In fact, the entire world is home to just two species of snapping turtles: common snapping turtles and alligator snapping turtles. Both live in Illinois. Even though both species live in the state, the odds are if you've seen one, it's a common snapping turtle.
How can we be so sure? First, because alligator snapping turtles live mainly in the southeastern United States. Their range does extend into southern Illinois, but they do not live as far north as Will County. That means if you see a snapper in our area, it's a common snapping turtle.
As their name implies, common snapping turtles are quite common. On the other hand, alligator snapping turtles are rare across most of their range. In fact, alligator snappers are listed as threatened or endangered in most of the states where they live. In Illinois, the alligator snapping turtle is one of five turtles listed as endangered. The others are Blanding's turtles, spotted turtles, yellow mud turtles and river cooters.
Physically, it is easy to tell the difference between a common snapper and an alligator snapper. That’s because alligator snapping turtles look prehistoric, with large spikes on their shells and primitive faces. Meanwhile, common snapping turtles have smooth shells.
Alligator snapping turtles are also quite a bit bigger than common snapping turtles. In fact, they are the largest freshwater turtles in the world. Male alligator snapping turtles typically weigh about 175 pounds, although they can weigh as much as 220 pounds. Females are much smaller, weighing about 50 pounds. Common snapping turtles typically only weigh between 10 pounds and 35 pounds.

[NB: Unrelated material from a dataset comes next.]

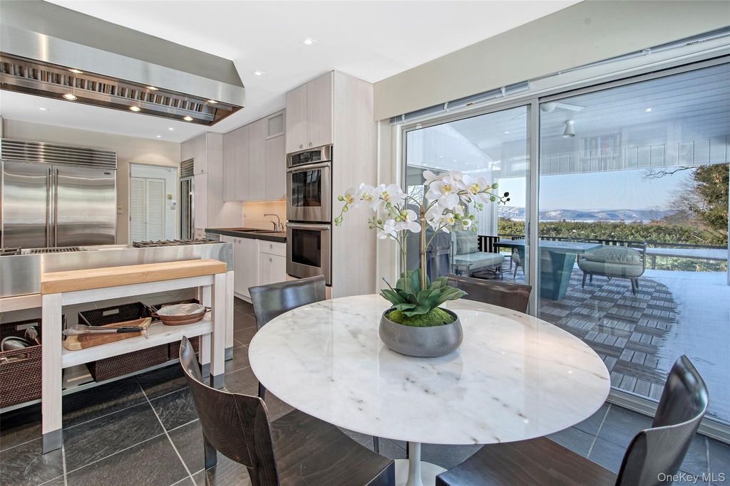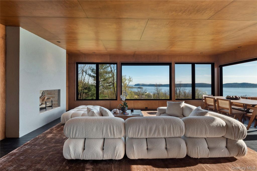 BREATHTAKING YEAR ROUND HUDSON RIVER PANORAMIC VIEWS define this iconic Mid-Century Modern residence! Located on Briarcliff's coveted Ridgecrest Road in the highly sought-after Briarcliff Manor School District, this modern masterpiece, being sold FURNISHED, is well known in architectural and interior design circles. Ideally located just minutes from the Scarborough Metro-North station, this home offers an easy commute to New York City. Set on a private acre of level, park-like grounds with mature trees, the property enjoys exceptional river views from nearly every room. Upon entering the home, a short mezzanine staircase leads to a dramatic, light-filled great room with integrated living and dining areas, where expansive walls of glass blur the line between indoors and out. Architectural details include hardwood floors, a limestone entry, custom lighting, and exceptional millwork with built-ins. The Chef's kitchen features custom-designed cabinetry and premium appliances"”Sub-Zero refrigeration and wine storage, Thermador double ovens with integrated microwave, a Viking six-burner gas range with griddle, and a Cove dishwasher"”and opens to a river-facing terrace for outdoor dining. The main level includes a family room or library with fireplace and a first-floor bedroom with en-suite bath. The lower bedroom level offers a private primary suite with outdoor access, ample closets, and a spa-like bath, along with two additional bedrooms, radiant-heated baths, an expansive laundry and mechanical room with a second Sub-Zero refrigerator, and generous storage closets. The home is on gas and sewer and is equipped with a Generac whole-house generator. Outdoor living includes a wraparound Mahogany deck, patio, and a flat landscaped yard. Included in the sale is a curated collection of high-end Mid-Century Modern and contemporary furnishings. Don't miss this truly one of a kind residence where architectural pedigree, panoramic beauty, and refined living converge in an enduring celebration of style, craftsmanship, and sophistication.
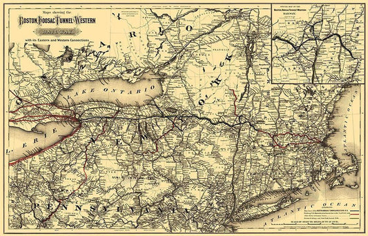 Boston, Hoosac Tunnel and Western Railway 1881 White Modern Wood Framed Art Print with Double Matting by Colton

Both kinds of turtles live long lives for wild animals. Common snapping turtles can live about 30 years, and alligator snapping turtles live between 10 and 45 years. They both will live much longer in captivity than in the wild.
Both kinds of snapping turtles spend almost their entire lives in water, and females come on land to build nests and lay eggs. Alligator snapping turtles live in fresh water, and they usually remain in the deepest water in their habitat area. Common snapping turtles usually live in fresh water but will also live in brackish water, which is a combination of fresh water and saltwater found in coastal areas. They prefer muddy-bottomed waters because it is a good place to hide.
Snapping turtles are most well-known for their strong bites. Common snapping turtles have an average bite force of about 209 Newtons of force, while alligator snapping turtles have a little less forceful bite, averaging about 158 Newtons of force. How does that compare to your bite? Surprisingly, humans can exert 1,300 Newtons of force between their second molars.
Still, though, a snapping turtle's bite shouldn't be underestimated. Their bite is strong enough to break through bone. And because snapping turtles are aggressive, they should never be handled.